The article’s title totally caught my attention: DANIEL BERRIGAN, MY DANGEROUS FRIEND.
It was written by James Carroll, an ex-priest and religious critic whose writings appeal to me because they make so much sense.
Carroll says:
“I was a twenty-two-year-old seminarian in 1965, struggling to imagine myself in what already seemed the impossible life of the Catholic priest, when I came upon the writing of Daniel Berrigan, a Jesuit poet. Berrigan, who died on Saturday at the age of ninety-four, quickly came to embody for me a new ideal. He testified, in his expansive life, to language itself as an opening to transcendence. What was Creation if not the Word of God, and what were human words if not sacraments of God’s real presence? Writing could be an act of worship. The idea defines me still.”
Carroll’s analysis appeals to me on several levels: as a writer, as a protesting Catholic, as a fan of both Carroll and Daniel Berrigan. Nay—not “fan”—Daniel Berrigan was a hero of mine; and still is. I too was a product of the Jesuits and of the 1960s. Unlike Berrigan, I’m pretty sure I wouldn’t go to prison for my beliefs.

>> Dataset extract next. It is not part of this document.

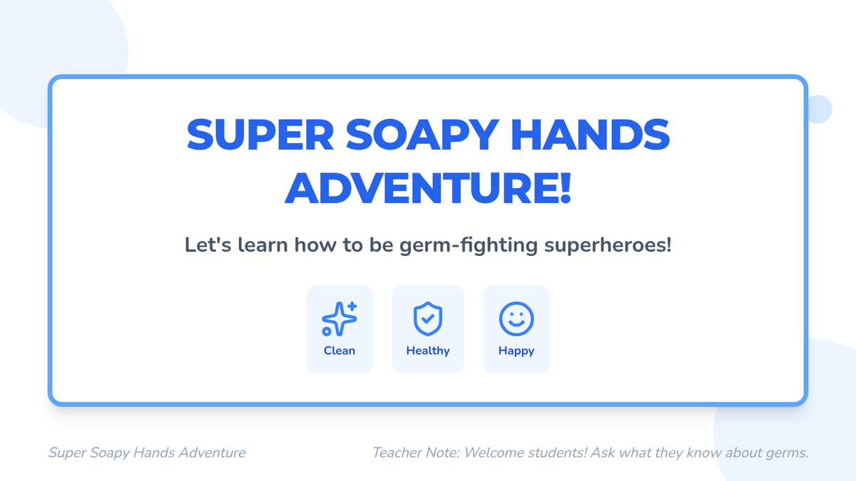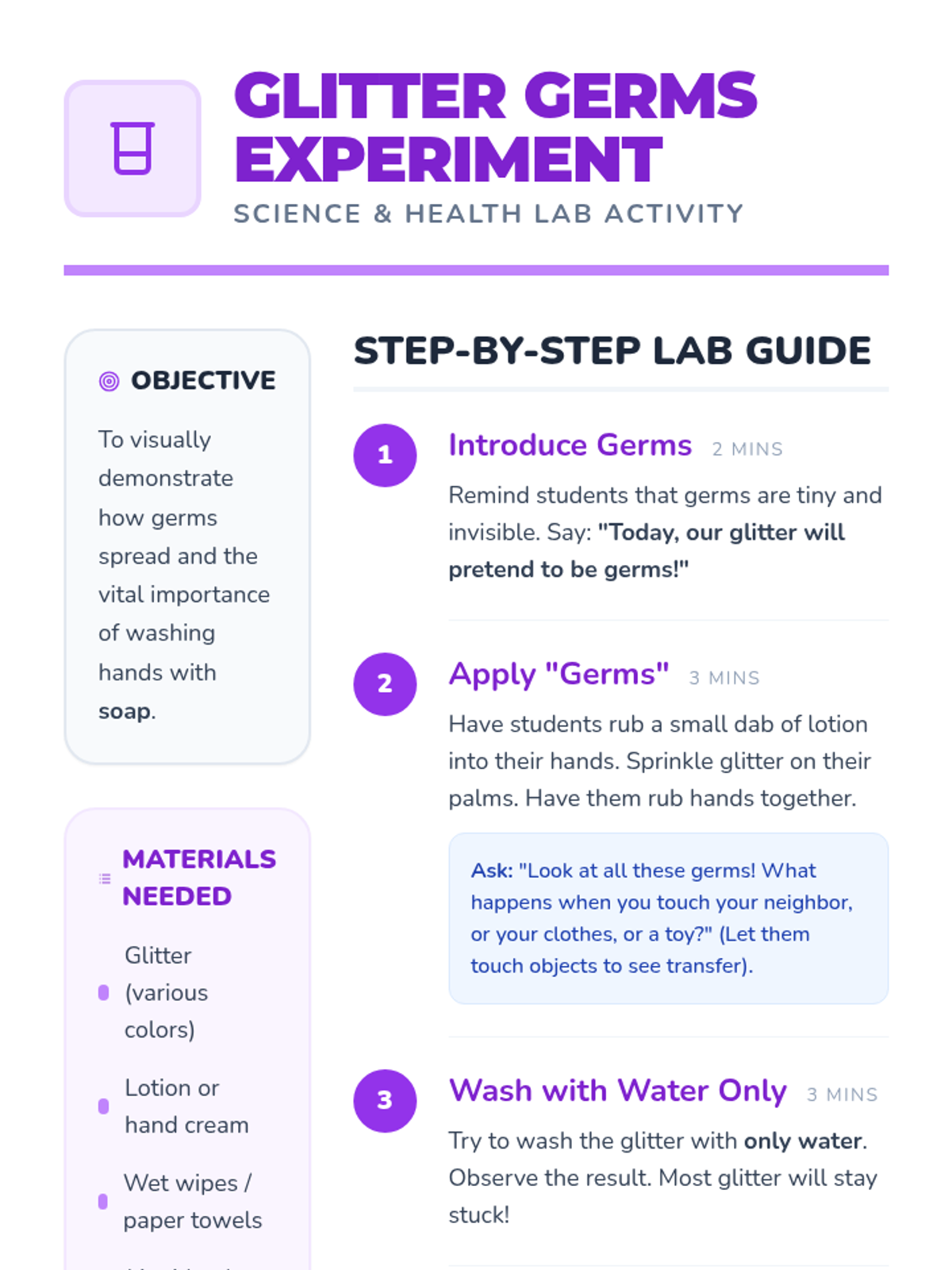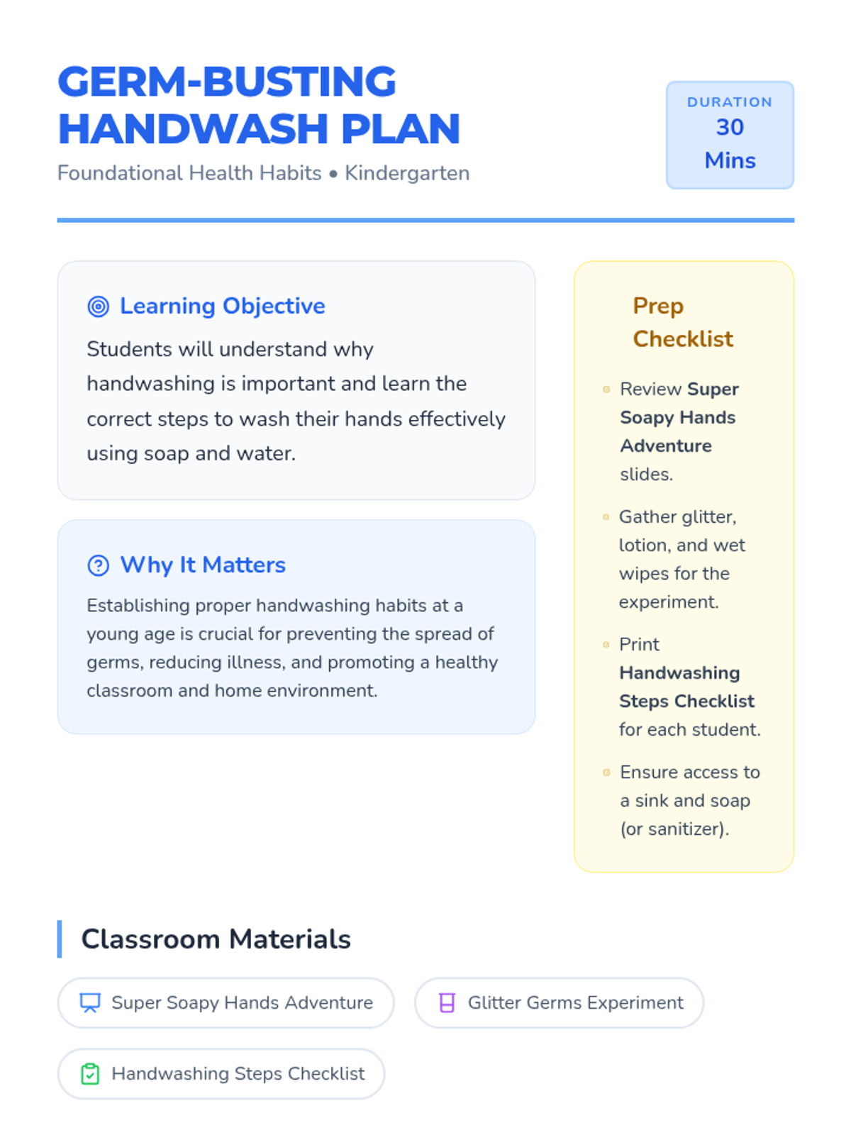 A fun, interactive lesson for Kindergarten students to learn the importance of handwashing through a 'Glitter Germs' experiment and guided practice. Students become 'germ-fighting heroes' by mastering the five steps of effective handwashing.

So, as a writer, I have created a fictional series-protagonist, Father Gabriel Alphonso Esquivel Garza, who is just as dangerous as Berrigan, maybe more. My Father Garza was placed on The Watch List by parties ranging from Vladimir Putin to the local Washington, D.C. crime boss. Someone moved my fictional hero to The Hit List.
Carroll and Berrigan — what a marvelous concept you shared. Writing as sacrament and prayer.